Dolmabahçe Caddesinin geniş
kaldırımları bizim çoğunlukla tercih ettiğimiz yürüyüş güzergahımızdır. Bazen Dolmabahçe Cafe’de soluklanırız.Burasının harika bir konumu var.Boğazın serin
dalgalarının dibinde çayınızı yudumlayabilirsiniz.Mevkisi ve denize sıfır olmasına rağmen çok ucuz bir mekandır.Sanırım devlet tarafından işletildiği için
böyle.Tabi servisi tahmin edersiniz yine aynı sebepten ötürü çok yavaş.
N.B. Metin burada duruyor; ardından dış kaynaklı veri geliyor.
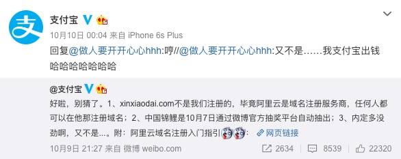 随后支付宝回应,阿里云是注册域名服务商,谁都可以在上面注册。澄清了锦鲤内定质疑,又为自家阿里云打了个广告。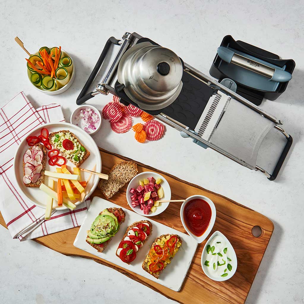 2. No es solo una mandolina. ¡Es un conjunto de lo más completo para que puedas hacer cualquier corte que imagines!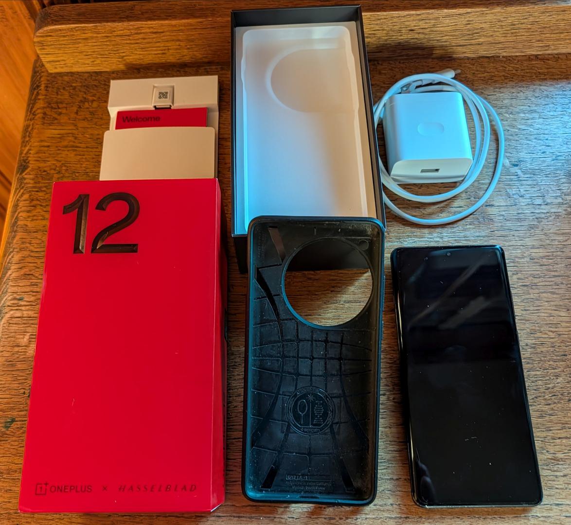 OnePlus 12 in very good condition. Any signs of wear and tear are minor and on the edges of phone. Includes 80W ultra fast charger, cable, original box, screen protector, camera protector and black case.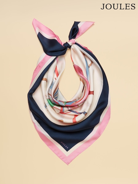 Cream & Navy Printed - Joules Écharpe Bloomfield Square 100% soie

Bu akşam yürüyüşümüzü Karaköy’e
kadar uzattık.2 yıldır gitmediğim ama aslında çok sevdiğim bir lokantaya eşimi
götürdüm; Karaköyüm Restaurant.Tramvay yolu üzerinde Bankalar Han’ının en üst
katındaki,tarihi yarımada manzaralı mekanı iki sevimli ve işbilir hanımefendi
işletiyor.Biz gittiğimizde lokantada bir nişan töreni vardı.Yine de bizi bir
köşede ağırladılar.Başlangıç olarak şefin seçimi 4 çeşit mezeden oluşan meze
tabağı,peynir-kavun ve Akdeniz Salatası,ana yemek olarak ise eşim Levrek Pane
,ben de Levrek Bohçası ısmarladık.Tabi birer duble de rakı.Mezeler,çerkes
tavuğu,haydari,pancar turşusu,deniz börülcesiydi.Gerçekten hepsi çok
lezzetliydi.Levrek paneyi eşim çok beğendi.Ben de ucundan tattım ve
beğendim.Üstelik bitiremeyeceğimiz kadar büyük bir porsiyondu.Fazlasını
apartmandaki kedimiz için paketlettik.Bu arada apartmanın önünde bazen de
içinde beslediğimiz bir kedimiz var.Adı “Sürtük”.Yanlış anlaşılmasın,insanın
bacaklarına sürtünmeye bayılıyor.O yüzden ismi öyle.Neyse levreğe dönelim.Benim
Levrek Bohçası yufka benzeri bir hamur işine sarılı geldi.Üzerinde kaşar
eritilmişti.Lezzet gerçekten üst düzeydeydi.Ama ben de yemeğimi
bitiremedim,çünkü bu da büyük porsiyondu.Keşke garsonumuz bizi porsiyonların
büyüklüğü konusunda uyarsaydı demekten kendimizi alamadık.Sadece bir ana yemek
bize yetecekti.İşte “Mükemmellik ayrıntıda gizlidir” lafı böyle durumlar için
geçerli.Mekan çok güzel,lezzetler harika,servis iyi,manzaranın dünyada eşi yok
ama bu küçük ayrıntı eleştiri noktamız oldu.Fazla büyüttüğümü düşünmeyin çünkü
büyük porsiyon yemek veren bir çok lokantada yiyemeyeceğim kadar sipariş
verdiğimi gören garsonların uyarılarıyla karşılaştım ve çok memnun oldum.Servis
konusunda bir yazı yazmam gerekecek sanırım.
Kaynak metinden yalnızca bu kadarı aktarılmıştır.